# Task instructions
Will you output all of the data below exactly, omitting the images?

# Input data
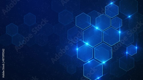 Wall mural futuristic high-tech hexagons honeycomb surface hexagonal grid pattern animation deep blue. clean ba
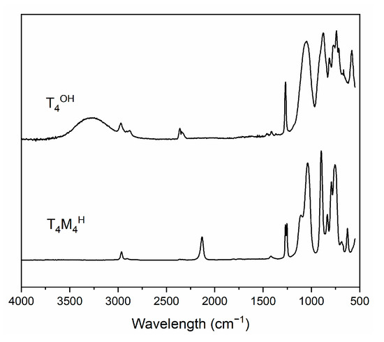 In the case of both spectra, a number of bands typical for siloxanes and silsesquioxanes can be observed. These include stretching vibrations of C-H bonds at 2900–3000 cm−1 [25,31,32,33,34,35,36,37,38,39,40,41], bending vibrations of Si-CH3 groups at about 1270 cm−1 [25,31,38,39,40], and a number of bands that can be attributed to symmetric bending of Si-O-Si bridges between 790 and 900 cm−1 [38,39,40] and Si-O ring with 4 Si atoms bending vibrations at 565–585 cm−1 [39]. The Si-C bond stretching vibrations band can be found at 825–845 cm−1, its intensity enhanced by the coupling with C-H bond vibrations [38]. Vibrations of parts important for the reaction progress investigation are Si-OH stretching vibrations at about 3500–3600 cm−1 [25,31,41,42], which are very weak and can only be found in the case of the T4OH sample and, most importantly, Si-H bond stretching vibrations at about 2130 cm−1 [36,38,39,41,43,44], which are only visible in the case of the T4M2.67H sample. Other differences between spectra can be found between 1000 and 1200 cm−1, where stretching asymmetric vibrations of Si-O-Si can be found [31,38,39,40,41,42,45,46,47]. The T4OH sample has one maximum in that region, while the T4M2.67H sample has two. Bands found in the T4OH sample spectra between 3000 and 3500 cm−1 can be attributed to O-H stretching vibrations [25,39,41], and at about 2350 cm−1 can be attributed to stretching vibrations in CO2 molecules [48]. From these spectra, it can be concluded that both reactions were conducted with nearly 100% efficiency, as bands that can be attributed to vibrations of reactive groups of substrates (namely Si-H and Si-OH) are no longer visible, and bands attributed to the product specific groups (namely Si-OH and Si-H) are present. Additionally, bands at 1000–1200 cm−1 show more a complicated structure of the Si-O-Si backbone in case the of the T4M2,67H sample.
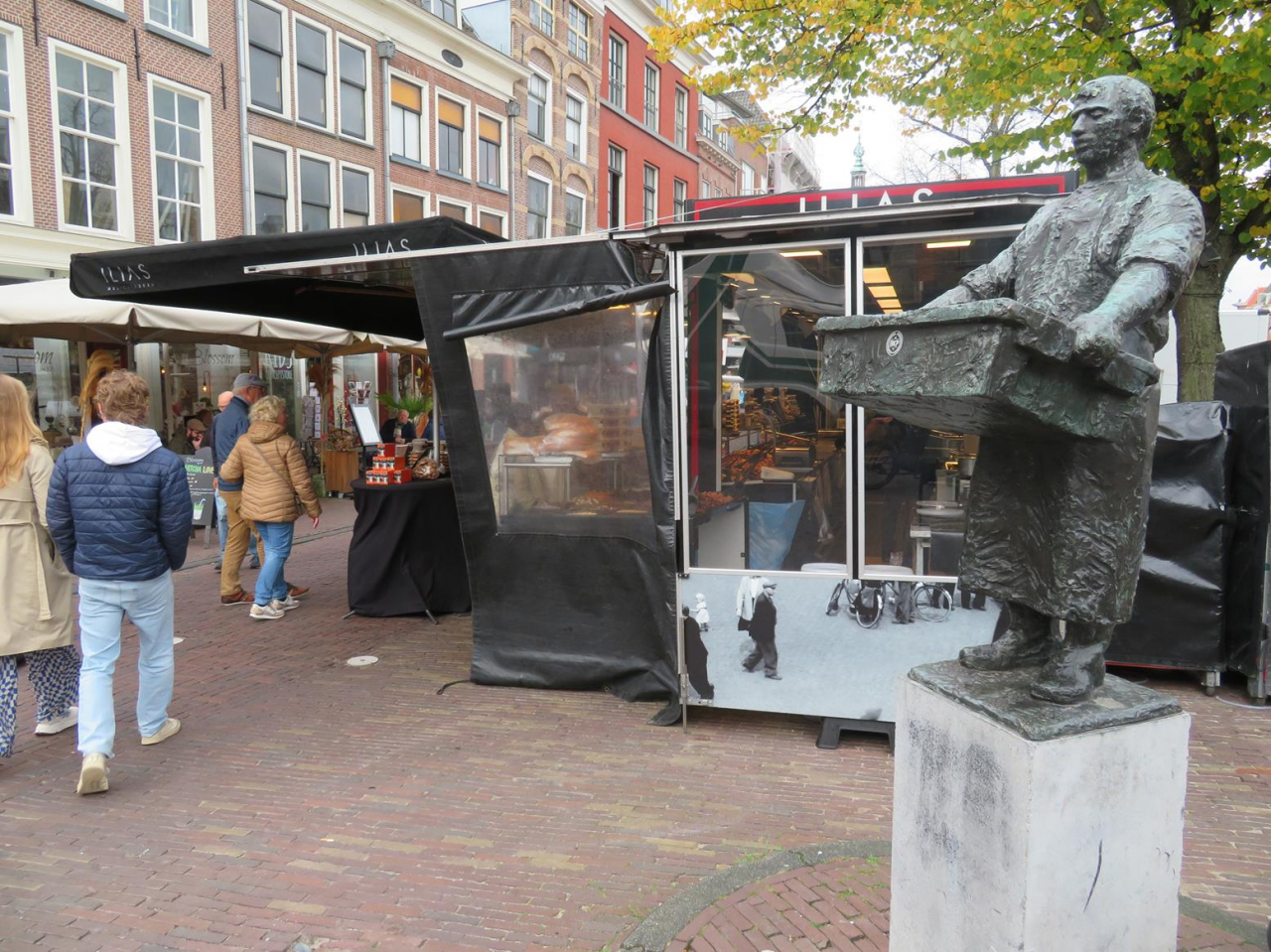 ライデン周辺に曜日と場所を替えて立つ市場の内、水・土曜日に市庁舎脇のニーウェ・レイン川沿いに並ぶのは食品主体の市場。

# Result
 Wall mural futuristic high-tech hexagons honeycomb surface hexagonal grid pattern animation deep blue. clean ba
 In the case of both spectra, a number of bands typical for siloxanes and silsesquioxanes can be observed. These include stretching vibrations of C-H bonds at 2900–3000 cm−1 [25,31,32,33,34,35,36,37,38,39,40,41], bending vibrations of Si-CH3 groups at about 1270 cm−1 [25,31,38,39,40], and a number of bands that can be attributed to symmetric bending of Si-O-Si bridges between 790 and 900 cm−1 [38,39,40] and Si-O ring with 4 Si atoms bending vibrations at 565–585 cm−1 [39]. The Si-C bond stretching vibrations band can be found at 825–845 cm−1, its intensity enhanced by the coupling with C-H bond vibrations [38]. Vibrations of parts important for the reaction progress investigation are Si-OH stretching vibrations at about 3500–3600 cm−1 [25,31,41,42], which are very weak and can only be found in the case of the T4OH sample and, most importantly, Si-H bond stretching vibrations at about 2130 cm−1 [36,38,39,41,43,44], which are only visible in the case of the T4M2.67H sample. Other differences between spectra can be found between 1000 and 1200 cm−1, where stretching asymmetric vibrations of Si-O-Si can be found [31,38,39,40,41,42,45,46,47]. The T4OH sample has one maximum in that region, while the T4M2.67H sample has two. Bands found in the T4OH sample spectra between 3000 and 3500 cm−1 can be attributed to O-H stretching vibrations [25,39,41], and at about 2350 cm−1 can be attributed to stretching vibrations in CO2 molecules [48]. From these spectra, it can be concluded that both reactions were conducted with nearly 100% efficiency, as bands that can be attributed to vibrations of reactive groups of substrates (namely Si-H and Si-OH) are no longer visible, and bands attributed to the product specific groups (namely Si-OH and Si-H) are present. Additionally, bands at 1000–1200 cm−1 show more a complicated structure of the Si-O-Si backbone in case the of the T4M2,67H sample.
 ライデン周辺に曜日と場所を替えて立つ市場の内、水・土曜日に市庁舎脇のニーウェ・レイン川沿いに並ぶのは食品主体の市場。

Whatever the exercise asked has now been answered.